The primary task of the NetsBlox subgroup during the pivot was to design new activities for students to explore the fundamentals of text mining while also providing them with access to actual data sets. Toward that end, Brian Broll created a service to integrate NetsBlox with our BaseX server, allowing students to use custom blocks (with XQuery under the hood) to request data from BaseX. With this service in place, students could retrieve a few sample documents from our corpus and send them in turn to ParallelDots for analysis of their sentiment.
The results of this experiment were mixed and, in some cases, outright nonsensical as might be anticipated when using a commercial natural language processing service, trained on contemporary texts, to analyze Georgian literature. But, as we agreed retrospectively, learning that lesson itself provided insight into the limitations of off-the-shelf models for natural language processing.

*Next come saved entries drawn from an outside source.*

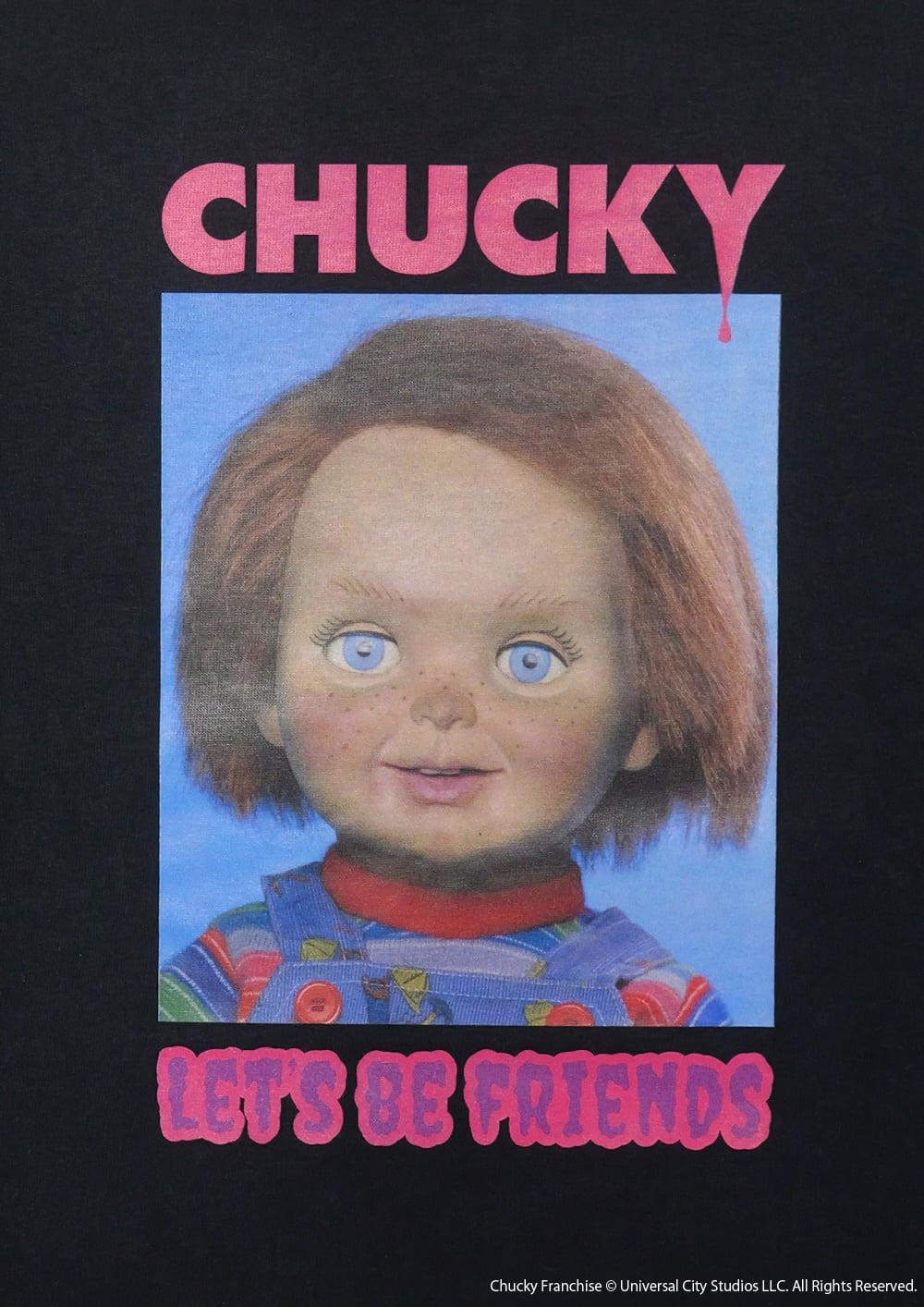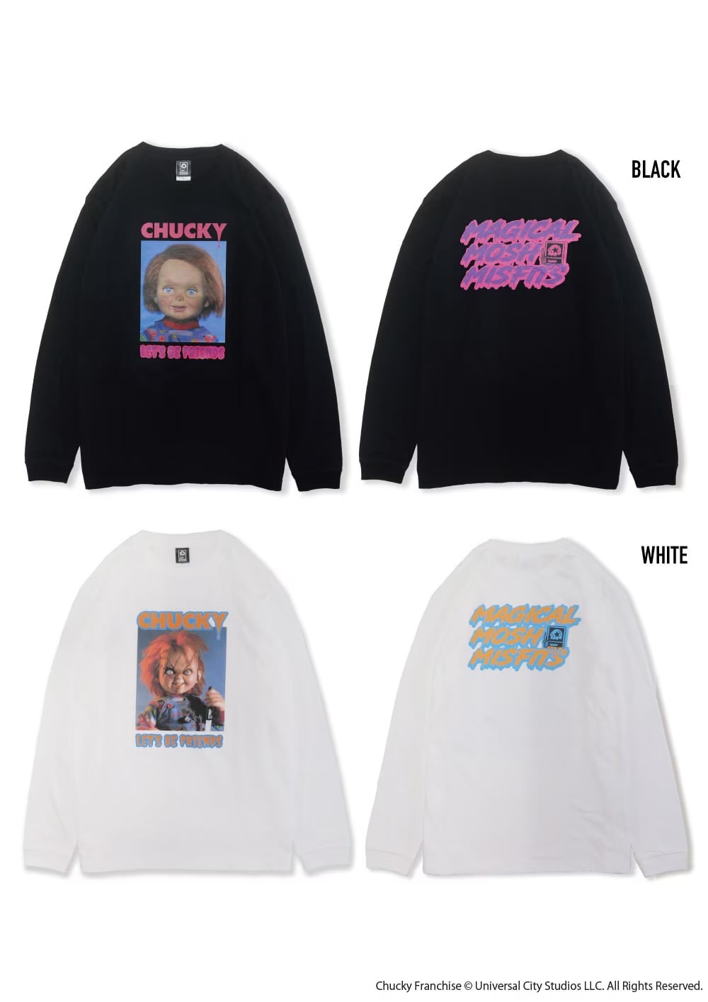 「LET'S BE FRIENDS」(友達になろう) チャッキーからの不気味なメッセージを添えて、 “善と悪の二面性”を楽しめるLONG TEEです。
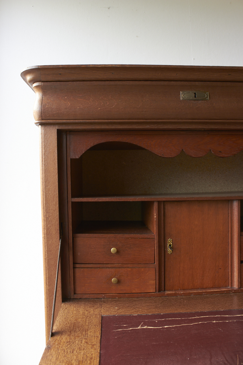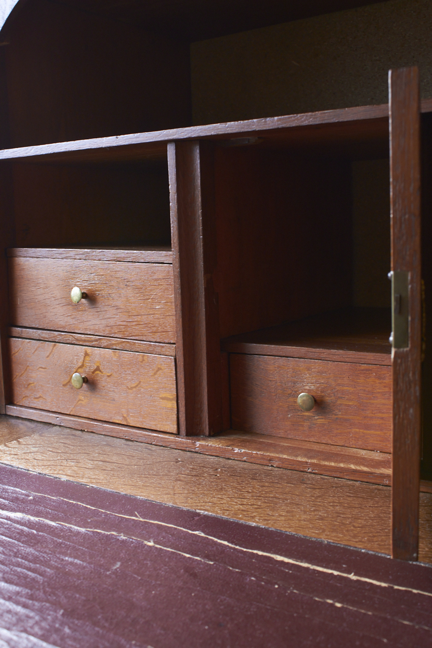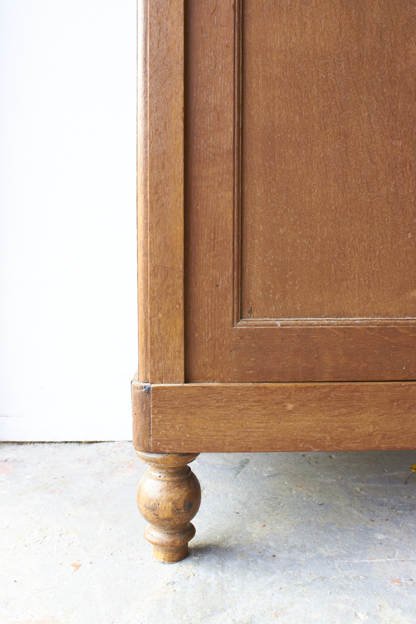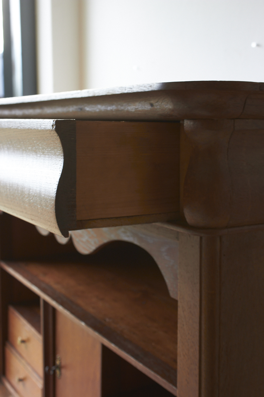 Een unieke Franse meidenkast met een klep komen we weinig tegen. Wat worden we blij van deze authentieke uitstraling en de vele opbergplekjes die de kast biedt. Bovenin een lade over de hele breedte van de kast. Daaronder een klep, met kleine lades en vakken. Achter de paneeldeuren onder nog een ruim vak met plank. De subtiele bolpootjes, de rondingen in de lade boven en de lijnen op de deuren zijn tekenend voor deze kast. Ook achter de klep schuilt nog een mooie sierrand.
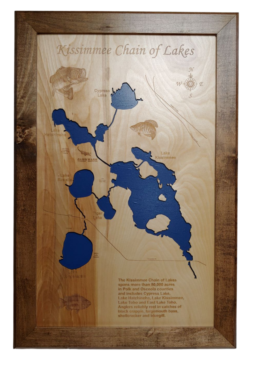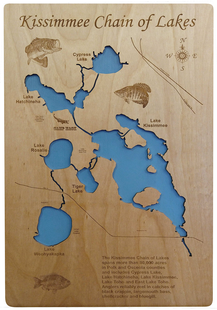 Kissimmee Chain of Lakes, Florida Laser Cut Wood Map
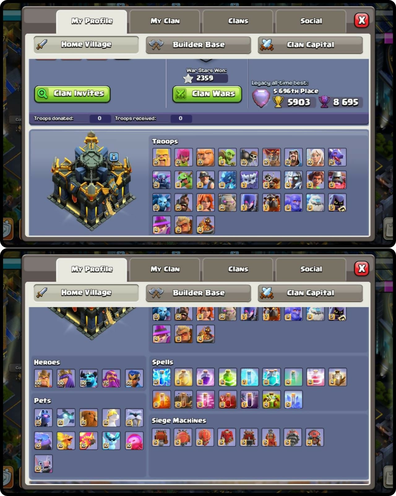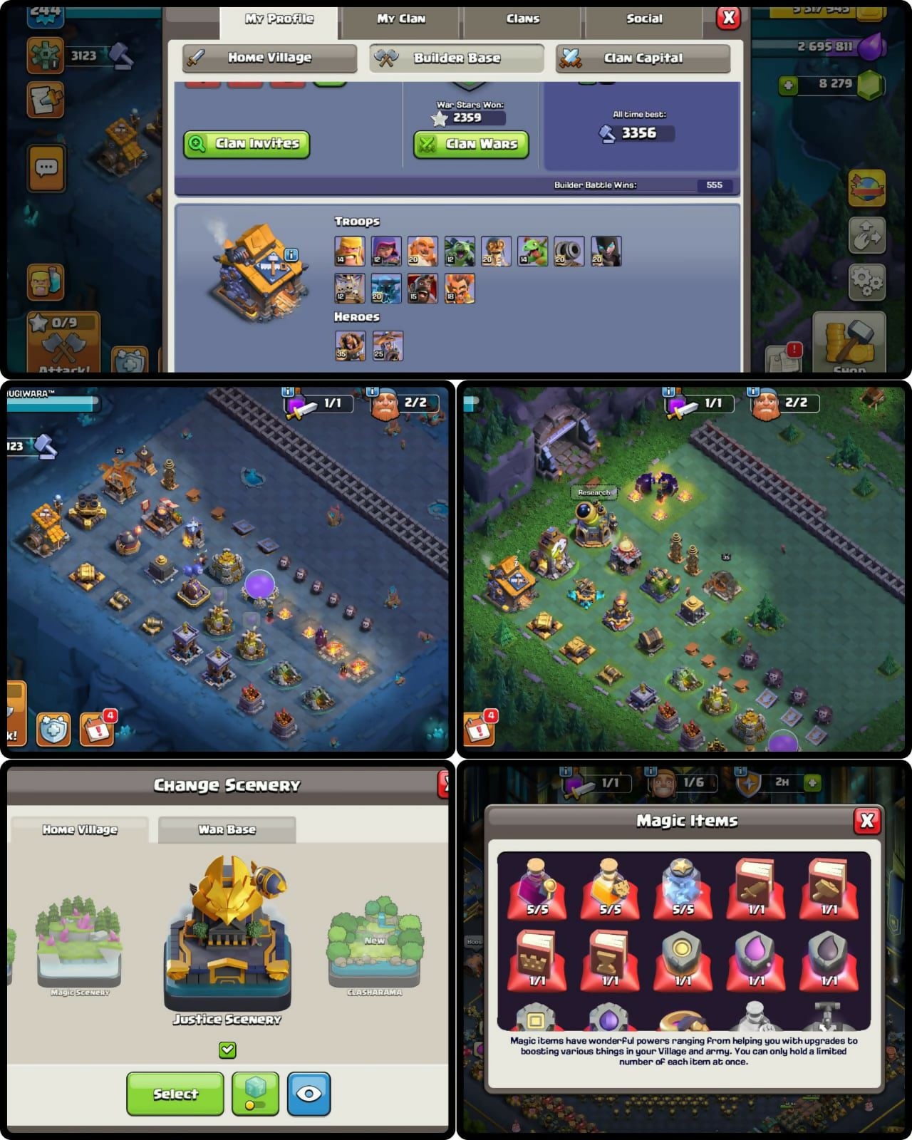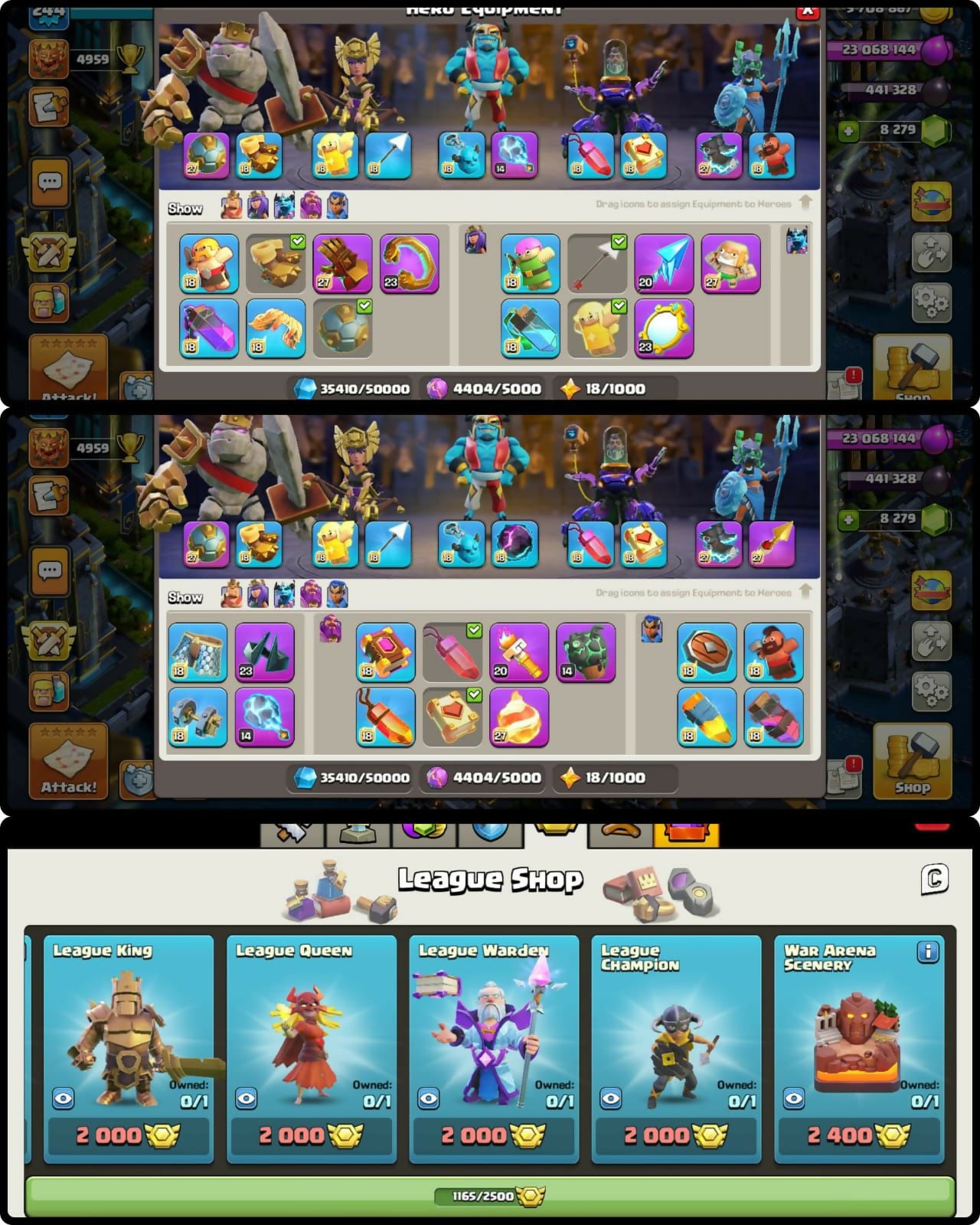 MAXED 6 EPIC EQUIPMENT SUPERCHARGED FULL MAX TH17 MAX XP 244 || ORGANISED DECORATIONS || JUSTICE SCENERY 12 SKINS || 1165 CWL MEDALS, 8000 GEMS, ITEMS || GAUNTLET 27, ARROW 20, FIREBALL 27, ROCKET SPEAR 27, SPIKY BALL 27, MAGIC MIRROR 23, LAVALOON PUPPET
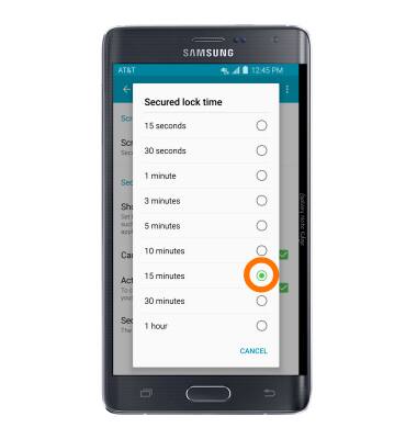 - To adjust the lock screen timeout setting, from the Lock screen screen, tap Secured lock time.
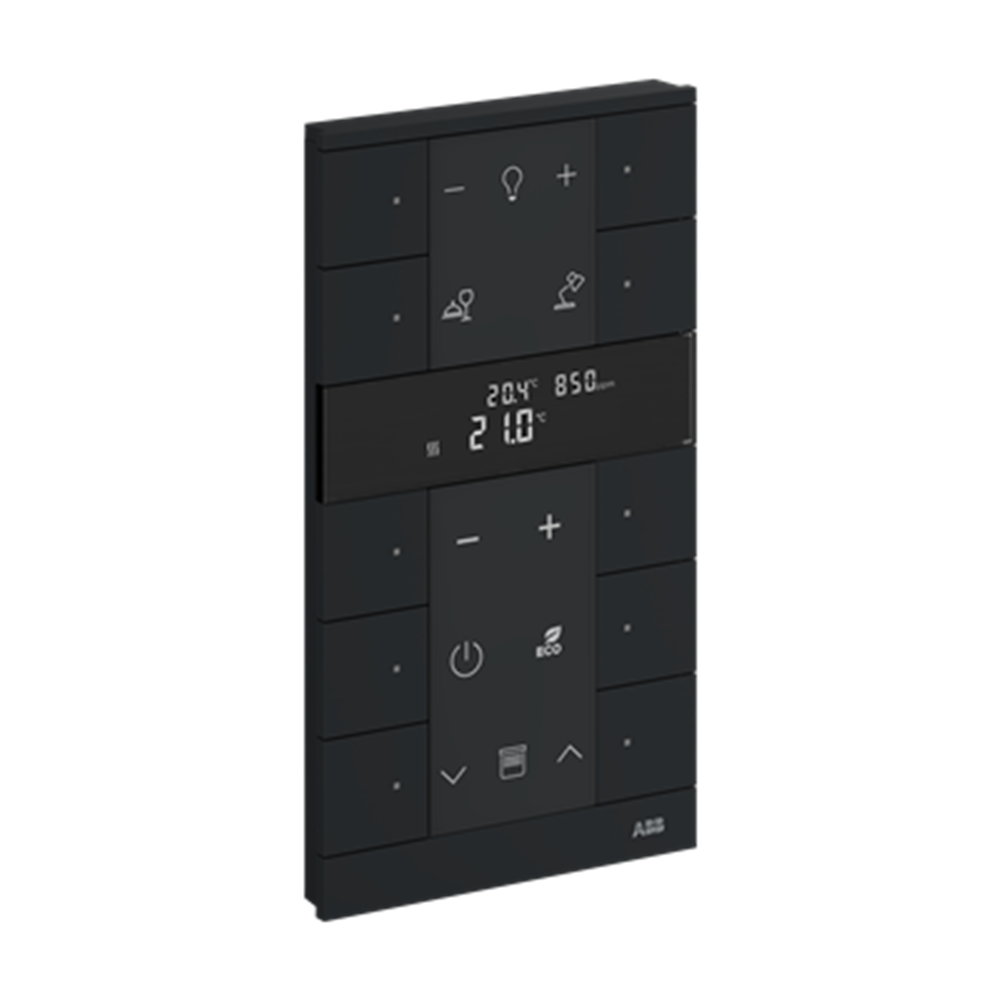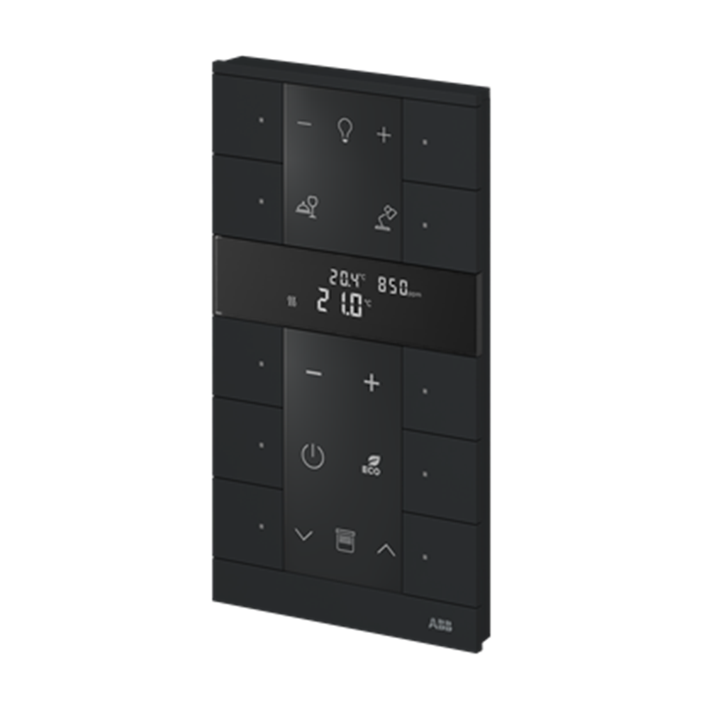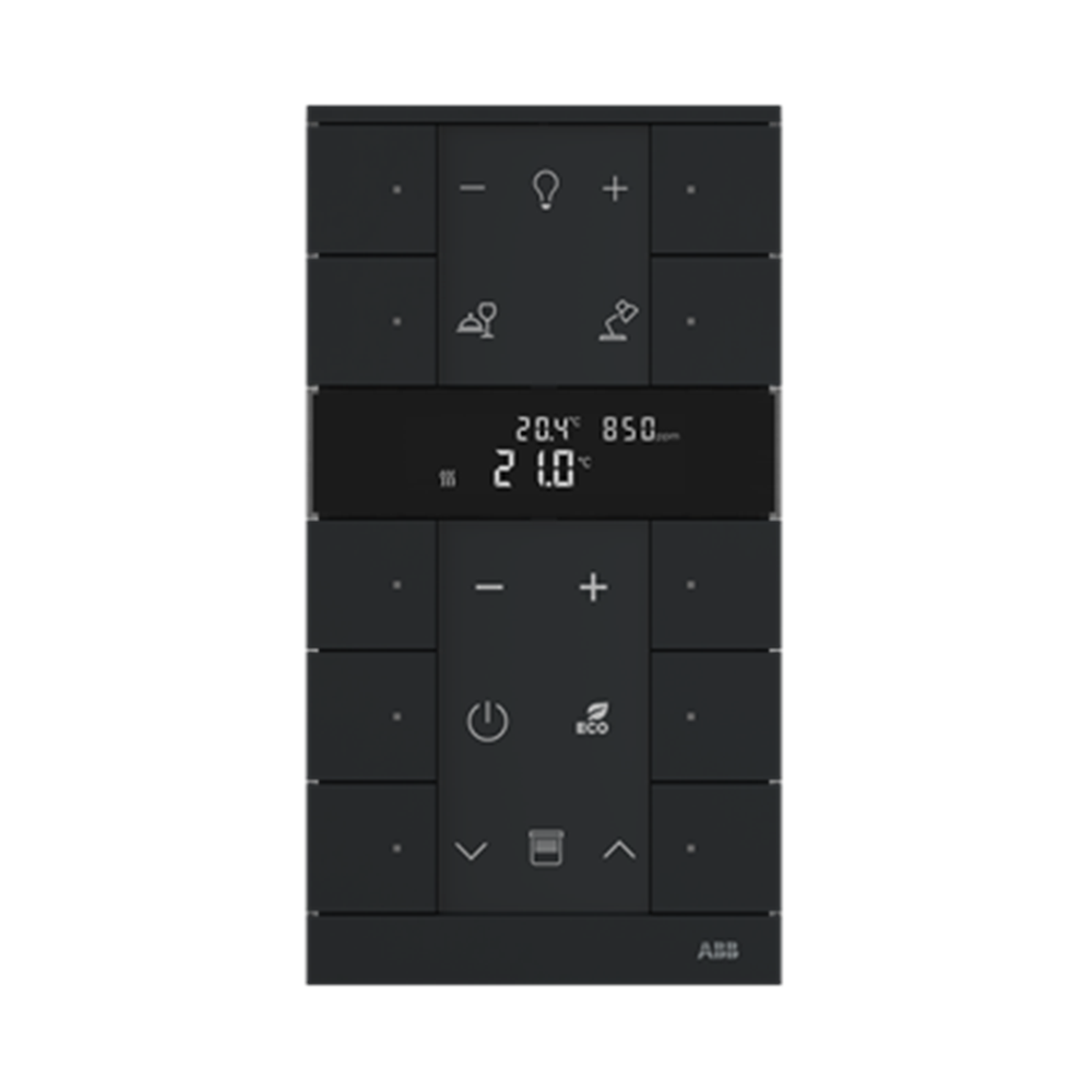 Control element with room temperature controller function and CO2/VOC/moisture sensor. For controlling commercially available actuating drives in combination with free@home Heating-/Fan-Coil Actuators. With display of set-value and current temperature. For transmitting switching, push-button, dimming and blind commands to an ABB-free@home® actuator. With integrated bus coupler. With labelling field. Number of bus subscribers: 2
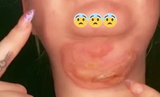 . However, her video now serves as a cautionary tale. She explains that instead of achieving her desired results, she was left with severe burns and blisters under her chin, accompanied by significant swelling that even affected her vocal cords.
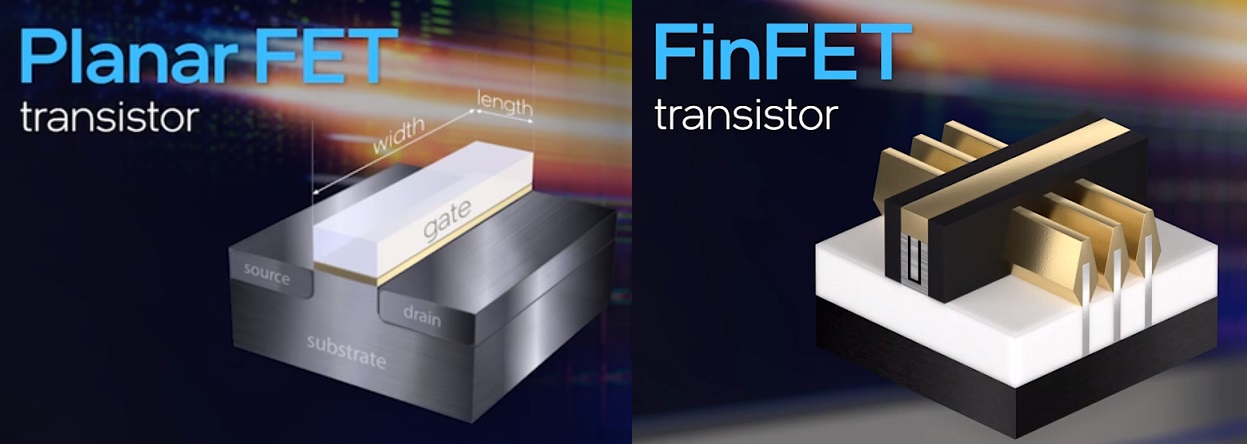 現在、半導体の製造技術の進歩度合いを言い表す方法で一般的なのは、半導体のゲート長を示して「7nm」とか「5nm」とか呼ぶ方法だ。具体的には下の写真の左側だ。昔はこの「gate(ゲート)」とある白いバーの「length(長さ)」の部分を物理的にどこまで細く加工出来るかで「ノード」と呼ぶ世代の説明が出来た。何故なら、これが物理的な線幅に一致したからだ。だが2011年にインテルは右側のFin FETという技術を採用してしまった。この写真でも明らかな通り、実は最小加工寸法は前述したゲート長では無くしまったいる。Finの幅だ。だが業界では慣習としてこの呼び方を続けている。だからこそ、この見方を変えて欲しいというのがインテルの意図でもある。
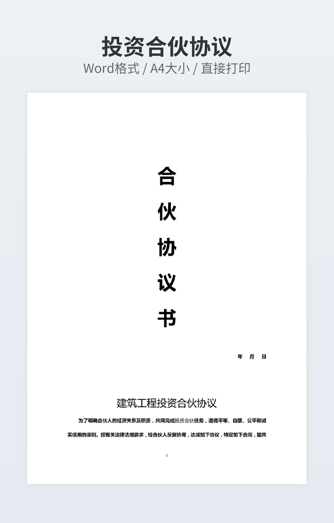 【特殊限制】设计师仅对作品中独创性部分享有著作权,对作品中含有的国旗、国徽等政治图案不享有权利,仅作为作品整体效果的示例展示,禁止商用。 相关关键词: 企业 合伙 协议书 样本

Our project to make text mining more accessible to students across a variety of disciplines will continue this summer and again during the fall semester. In addition to the projects described above, we have bigger ambitions in mind. We hope, for instance, to connect Spark with NetsBlox, allowing students to kick off big data queries from within a block-based environment. We are also looking at ways to move our notebooks from Google Colab to Spark by using services like Zeppelin on Amazon Elastic Map Reduce or Databricks. We also want to integrate tools like Rumble to bring our XQuery and Spark groups into closer alignment.
Beyond these technical goals, we aim to consolidate what we learned from moving our working group online. While we had to move in a rush due to the pace of events, we managed to put together solid building blocks for our next semesters. Indeed, the set of tools that we turned to when moving online will remain in our teaching arsenal whether we meet in person, online, or in some hybrid during the fall. In that sense, we are ready for the so-called Hyflex that has attracted widespread attention recently. By making it possible for students to contribute effectively to our project without having to gather in person or in a Zoom classroom, we hope to foster independence, experimentation, and provide better training for the projects they may undertake in the classrooms and work places of the future.
Thanks to the Computational Thinking and Learning Initiative, the Vanderbilt University Library, the Center for Digital Humanities, and the Mellon Partners for Humanities Education for supporting the Text Mining Working Group at Vanderbilt University. Many thanks also to Brian Broll and Sarah Burriss for helpful editorial suggestions.